In 1993, under the new pseudonym Frank Black, Thompson recruited Santiago, members of Pere Ubu, and several session players and released his eponymous solo CD to mixed reviews. In subsequent years, Black fell out of favor with critics who once hailed him as an innovator but later turned against him for being too experimental. “I actually find that even my most quirky moments aren’t that quirky compared to [avant-garde San Francisco group] the Residents or some band like that,” says Black. “I mean, compared to them I feel like I’m in the Bay City Rollers.

“But I guess it’s better to have people writing bad reviews about you than nothing at all. I’ve always been fortunate in that regard.”

These days, Black is living the good life–even the reviews are good. “I have a nice house, a beautiful girlfriend, lots of pets,” he says, sounding like the antithesis of the angst-ridden alt-rocker. “My home life is a pretty happy, warm, fuzzy experience in the California sunshine. It’s a nice thing to come home to after being in nightclubs and Holiday Inns for a few weeks.”

And as for the road, even that’s treating Black kindly. “You learn where the good cafes and truck stops are. You learn to love certain stretches of road just for the sheer beauty of it.
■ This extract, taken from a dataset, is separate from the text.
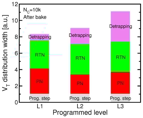 where q is the electron charge, the oxide capacitance per unit area, W and L the channel width and length, respectively, and the electron mobility in the inversion channel, which experiences a fluctuation over an area as a consequence of the additional scattering with the trapped electron. Typical values for the first term are smaller than , while the scattering part is typically negligible in the subthreshold regime, where NAND cells are usually read; therefore, RTN has long been regarded as a curious scientific phenomenon not constituting a noticeable reliability threat. This held true even if unusually large values for the RTN amplitude had been consistently reported on some devices, together with complex time behaviors [,,,,], that seemed to defy Equation (2). When Flash memories made a large quantity of data readily available, making it possible to pinpoint and study anomalous behaviors occurring with extremely low probability, larger and larger fluctuation amplitudes emerged [,], and RTN became a serious reliability constraint in static random-access [,,] and Flash memories [,,,,,,], prompting an intensive research effort to understand its root cause and impact on memory array operation.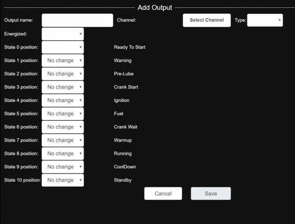 Use the Add Output selection box to configure an Output (valve). Use the Edit Output selection box to configure an Output (valve). Use the Save button to save the configuration, Cancel to ignore the changes, and Delete to remove the Valve configuration. Configure the following items to create an output sequence:

And, of course, the big payoff at the end of most days is the gig,” he says. “We get to play–that’s a great reward, getting to play at a rock show. I mean, that never gets boring. There’s always something exciting about it, whether it’s sold out or not. Whether it’s a big club or a tiny club. Whether it’s a great place or a shitty place. The bottom line is that you’re going to play music and there are going to be people there to hear you, so that always is there. There’s always a crowd. There’s always you. And there are always your instruments.

“It’s exciting to go out there and prove yourself, to go out there and say, ‘I have a great rock moment in me, so stick around for a while.'”

Frank Black and the Catholics perform Tuesday, May 14, at 8pm at the Mystic Theatre, 21 Petaluma Blvd., Petaluma. Tickets are $18. David Lovering, scientific phenomenalist, opens the show. 707.765.2121.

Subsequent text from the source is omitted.